Читаем Театральные портреты. полностью

Я глубоко уверен, например, что и В. Ф. Комиссаржевская, — индивидуальность гораздо более тонкая, чем Горева, — кончила бы так же печально свою театрально-королевскую жизнь. Конечно, это вовсе не закон для актрисы, что с увяданием в ней женщины ей приходится расставаться с «королевскими» почестями. Но для того чтобы сохранить до конца дней или, по крайней мере, до конца карьеры артистическое положение, имя, наконец, удовлетворительную работу, — нужно вести правильную «линию» артистической службы. Тут мы сталкиваемся с трагической стороной быстрого и сказочного возвышения сценических талантов. Среди актеров такие «диктатуры» и мгновенные возвышения крайне редки; среди актрис же, наоборот, довольно часты, так как обаяние женщины восполняет недостаток и даже отсутствие художественной дисциплины.

«Диктатура актрисы», как всякая неограниченная власть, разлагающе действует не только на организм театра, но и на самое актрису. Она легко берет, что ей угодно; как в сказочном саду, ей стоит протянуть руку, чтобы сорвать райский плод. Если что плохо, то это кажется очаровательно плохим завороженному взгляду: по французскому выражению, c’est sont les qualitйs de ses dйfauts[170]. Ее техника остается в зачаточном состоянии, потому что техника вырабатывается огромным трудом {193} над ролями, через пререкания, и, может быть, слезы, с режиссерами, товарищами, рецензентами, ее же сценическая карьера — сплошной праздник, и «жизнь быстробегущая оглянуться ей не дает…»
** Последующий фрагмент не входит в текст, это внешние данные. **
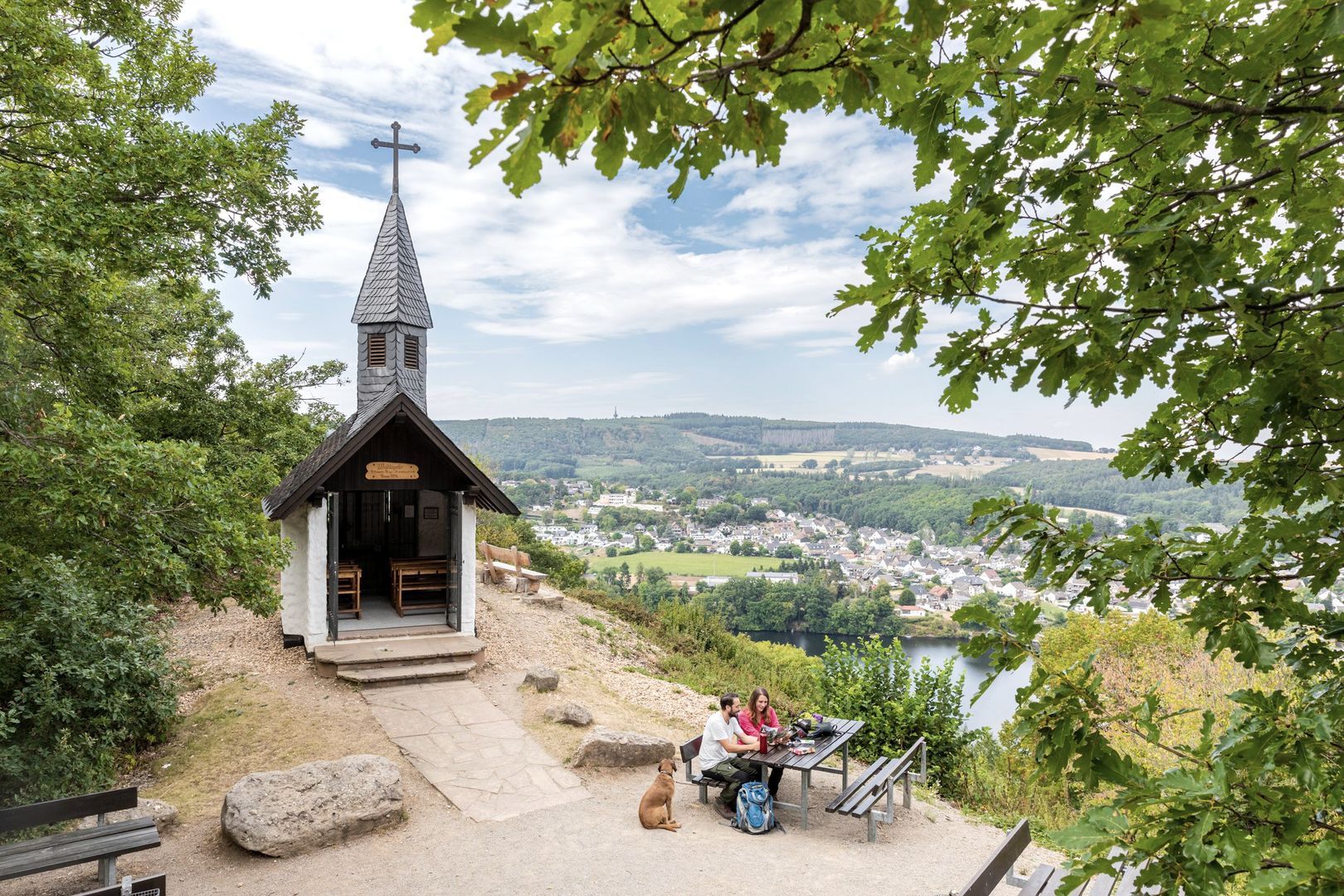 Start der Rundtour ist der Parkplatz gegenüber dem „Café Flink“ in Obermaubach. Die Strecke ist mit dem Wegezeichen [07] markiert. Auf Waldwegen geht es erst mal in gemächlichen Serpentinen hinauf auf die Mausauel. Von der Waldkapelle oben erlebt ihr wunderbare Eifel-Blicke auf den Stausee, die letzten Anhöhen der Nordeifel und den Übergang in die Jülich-Zülpicher Börde.
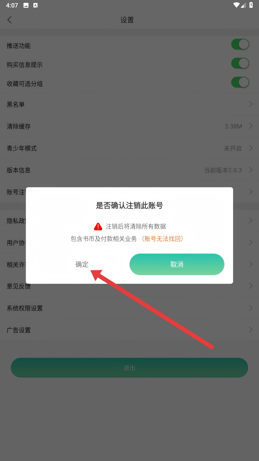 4、在弹出的确认框中点击【确定】,即可完成账号注销,不过要注意注销后数据无法找回哦。
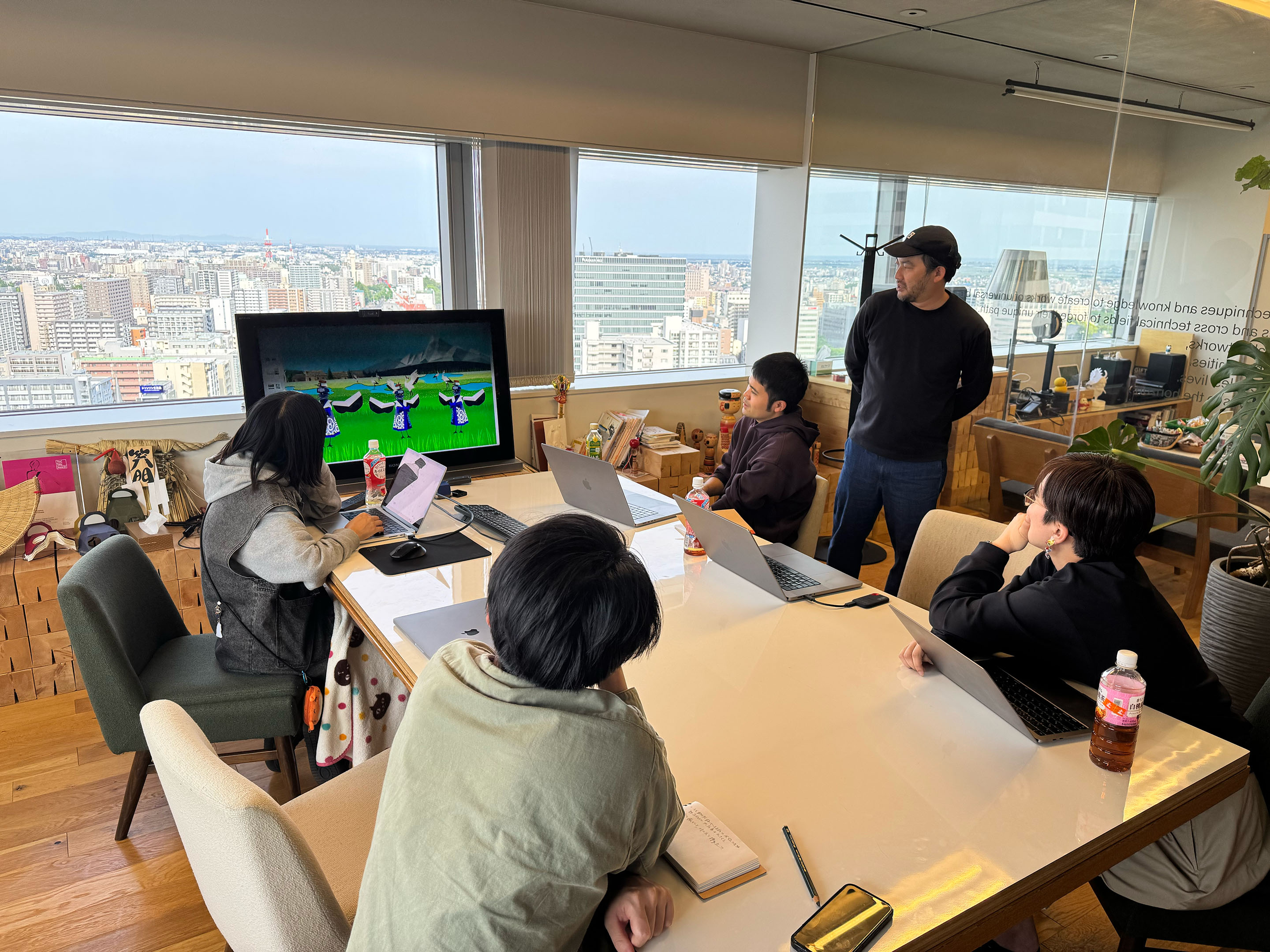 フィールドワークやインタビューを踏まえ、いよいよ新しいコンテンツの制作を開始。これまでのBAKERUでは東北の来訪神や郷土芸能を通して、「なぜ人は神や自然に成り変わり、歌い踊るのか」といった問いに向き合ってきました。古来より人々は、神や自然の依代となる存在に畏敬や恩恵を見出し、そこに祈りや願いを込めてきました。そして歌い踊るという行為を通じて、仲間と喜びを共有し、心をつなげてきたのです。地域や言語が異なっても、人々が祈りやつながりを求める営みは共通しています。今回のフィールドワークとインタビューを通して、私たちはこうした普遍的な心のあり方を改めて実感しました。この気づきを踏まえ、平取アイヌ古式舞踊における「みんなで踊る楽しさを共有する」という心のつながりを中心にした作品づくりを目指すことになりました。
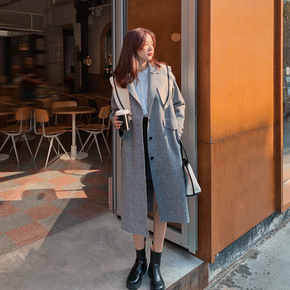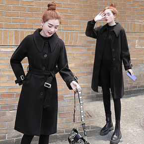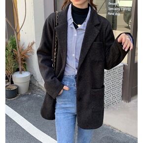 2021秋季韩版简约宽松翻领呢子百搭气质小个子长袖...
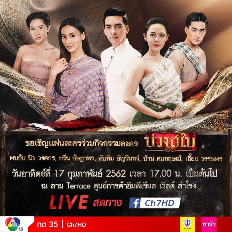‘ช่อง 7HD’ ขอเชิญแฟนๆ ร่วมกระทบไหล่ นิว-วงศกร ปรมัตถากร, กรีน-อัษฎาพร สิริวัฒน์ธนกุล, ทับทิม-อัญรินทร์ ธีราธนันพัฒน์ และ ป่าน-คมกฤษณ์ ดวงสุวรรณ์ ในกิจกรรมละคร ‘บ่วงสไบ’ วันอาทิตย์ที่ 17 กุมภาพันธ์ นี้! ตั้งแต่เวลา 17.00 น. เป็นต้นไป ณ ลาน Terrace หน้าศูนย์การค้า อิมพีเรียล เวิลด์ สำโรงแต่ถ้าแฟนๆ คนไหนไม่สะดวกมา สามารถติดตามชมภาพบรรยากาศ LIVE !! สดจากงาน ได้ทาง Facebook : Ch7HD แล้วมาสะพรึงพร้อมนะคะ
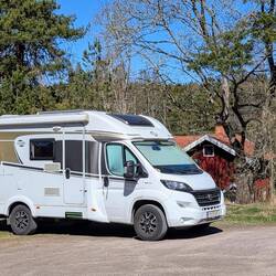 Danach ganz gemütlich in der Sonne sitzen und am Nachmittag fuhren wir schließlich weiter. Jetzt stehen wir ganz in der Nähe von Stockholm in Södertälje am Hallsfjärden. Heute waren wir zum ersten Mal auf dieser Reise essen, weil gleich neben unserem Übernachtungplatz ein schönes Restaurant steht. Das Essen war köstlich, der Abend gemütlich.Read more
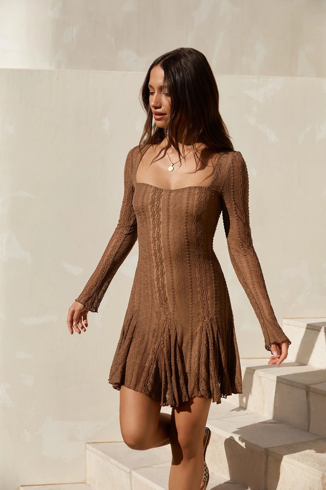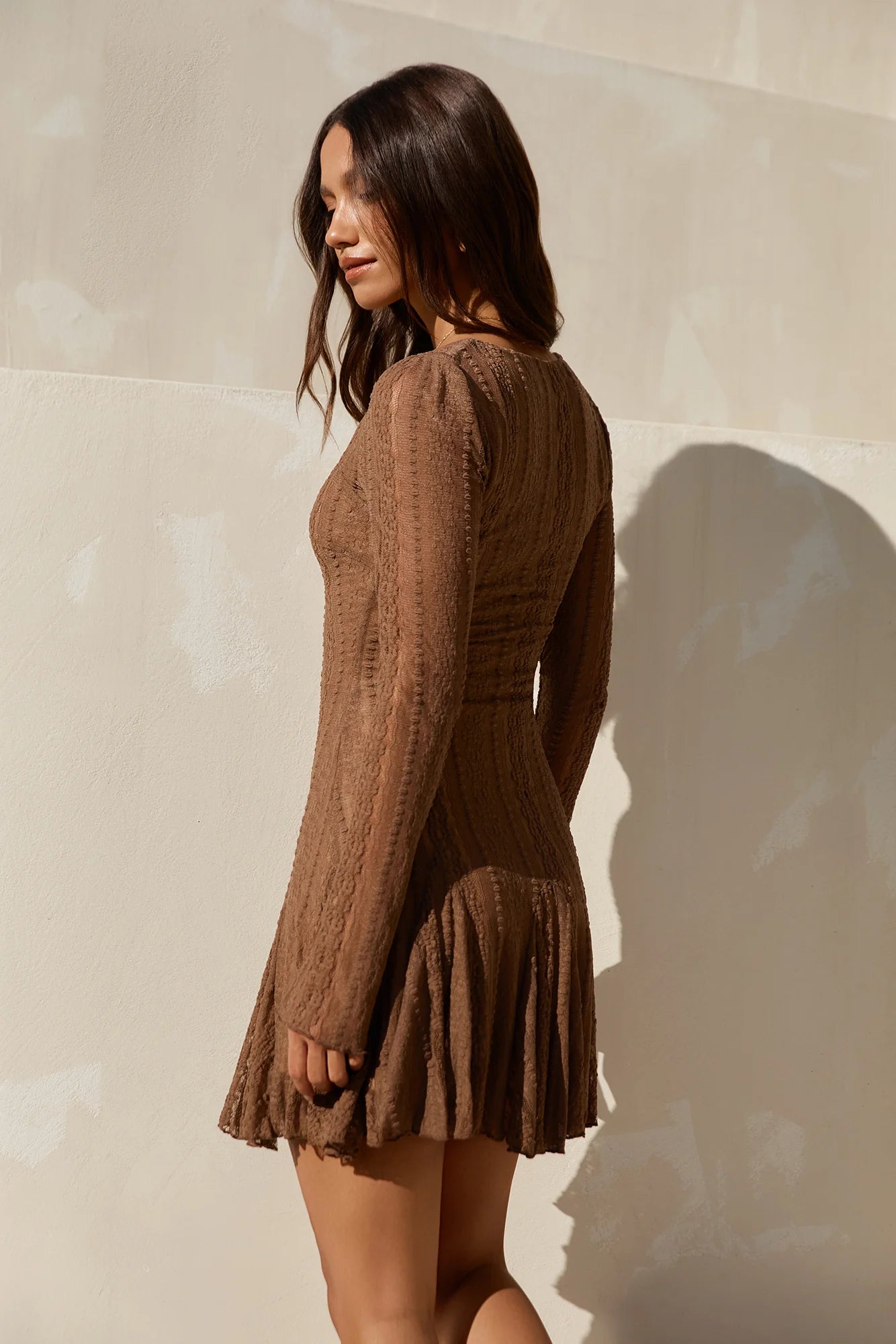 Take it easy and relax under the sun in the Slow Love Long Sleeve Mini Dress, a sweet yet elegant piece made for cool days of fall. Style with flats and gold adornments.

Она делает сборы, и ей не только прощается несовершенство, но все, кому достаются барыши и кто связан с ней собственными интересами, даже публика, подороже заплатившая за билет с ее «участием», — все стараются себя убедить в совершенстве несовершенного… Не удивительно, конечно, что она останавливается в своем развитии, что она просто не развивается. В техническом, актерском смысле слова такая актриса не имеет «перехода», то есть способности менять амплуа, и, как только приедается ее шаблон или начинают увядать «внешние данные», в ее карьере наступает кризис и глубина падения нередко превышает даже высоту восхождения.

Так было и с Горевой. Нынешние театралы, помоложе, едва ли очень-то знают имя Е. Н. Горевой. Но даже я помню, как Горева гремела, как ее выступление на сцене петроградского театра давало полный сбор и имя ее печаталось на афише аршинными буквами. Среди прочих атрибутов «королевской» театральной власти она имела также и «корону» собственного театра в Москве. Я не бывал в нем, но сколько было разговоров! Костюмы из «настоящего» бархата, Боборыкин заведовал репертуаром, целое созвездие актеров первой величины!

Однако ни бархат, ни Боборыкин, ни актеры не спасли театр от крушения… Может быть, и вообще бархат и Боборыкин не обладают свойствами спасать что-либо, но при данных обстоятельствах они были, во всяком случае, бессильны. Справедливость требует заметить, что Горева, не в пример другим знаменитостям, давала много играть другим актрисам, и притом талантливым. Это {194} вполне соответствовало ее доброте и благородству. Вообще Горева была чужда мелких чувств, столь свойственных знаменитостям. Но все равно, в судьбе таких театров «нечто лежит роковое»…

В последние годы мне приходилось довольно часто встречать Гореву — всегда в сопровождении ее неизменного друга Карпенко. Горева не была, что называется, йsprit fort[171], и разговор с ней был любопытен главным образом тем, как легко, просто, без трагических гримас и мелодраматической истерии она переносила удары судьбы. Тут не было даже смирения, в основе которого все же лежит укрощенная гордость, а была великая простота несложной, но благородной души. Оттого встречи с ней оставляли во мне всегда меланхолическое, грустное впечатление. Она нервно курила папироску за папироской, держа их тонкими, слегка пожелтевшими, как у завзятых курильщиков, пальцами, и «пела» простые речи своим чудесным голосом, который и табак не мог испортить. А я слушал и все думал, как Сципион Африканский на развалинах Карфагена:

— Fuit Troia, fuit Ilion![172]

Была, дескать, некогда великая Троя и был народ копьеносца Приама. Ах, этот «народ» — актерский народ! Не существует профессии, преисполненной такого безмерного оптимизма, как актеры. Мещанская презренно-обывательская мудрость «Стрекозы и Муравья»: «Ты все пела? Это дело! Так поди же попляши!» — проходит мимо души и сознания актера. Ну да, пела — отвечает Стрекоза, затягиваясь папироской, — в то время как ты таскал мусор… Всякому свое, дорогой муравей! Suum cuique[173], почтеннейший!